Austrian MPs backed the expansion on Friday, with only the parliaments of Malta, the Netherlands and Slovakia left to cast their votes.
In June, the European Council proposed expanding the size of the EFSF rescue fund from 240bn euros (£209bn; $326bn) to 440bn, and giving it new powers, such as allowing it to buy government bonds.
Analysts have suggested the fund actually needs to expand to 1-2 trillion euros in order to win market confidence, but EU officials have played down such reports.
The BBC's Chris Morris in Athens says Mr Papandreou is on a charm offensive, trying to convince his European colleagues that Greece can meet the demands imposed upon it by a tough austerity programme.
The unpopular reforms are vital to guarantee the international loans offered by a troika of the European Commission, the European Central Bank (ECB) and the International Monetary Fund (IMF).
Since eurozone leaders agreed on a second rescue package for Greece this summer, Athens has fallen behind on its debt reduction targets, raising fears of a Greek default.
Many Greeks believe that austerity measures are pushing the country's crippled economy deeper into recession and strangling any chance of growth.

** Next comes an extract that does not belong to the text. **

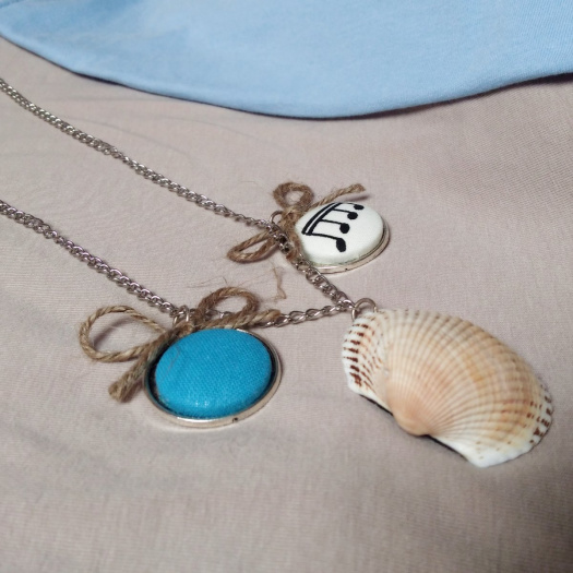 Náhrdelník je vytvořen ze stříbrného řetízku o délce cca 62 cm se zapínáním na karabinku. Řetízek je ozdoben třemi přívěsky: Mušlí a dvěma buttonky o průměru 23 mm dozdobenými provázkem.

President Sarkozy has said he will unveil a Franco-German strategy shortly, without giving details.
Germany and France together represent about half of the 17-nation eurozone's economic output.
German Foreign Minister Guido Westerwelle said that with Thursday's vote in the German parliament: "The signal to our European partners is that you can rely on Germany."
Talks disruptedOur correspondent says some analysts believe the whole strategy for Greece, with a possible second bailout, needs urgent readjustment.
That is partly because contagion from Greece to other eurozone countries is no longer a threat but a dangerous reality, he adds.
The troika's team of inspectors found its second day of talks in Athens disrupted on Friday after protesting civil servants occupied the transport ministry, where they had been due to meet the minister, Yannis Ragoussis.
"Take the austerity package and get out of here!" the civil servants shouted as they stood in front of the shuttered entrance, according to a Reuters news agency report.
The meeting with the minister was rescheduled as a result.
Angry protesters against the government's austerity measures have been causing disruption in the Greek capital for months.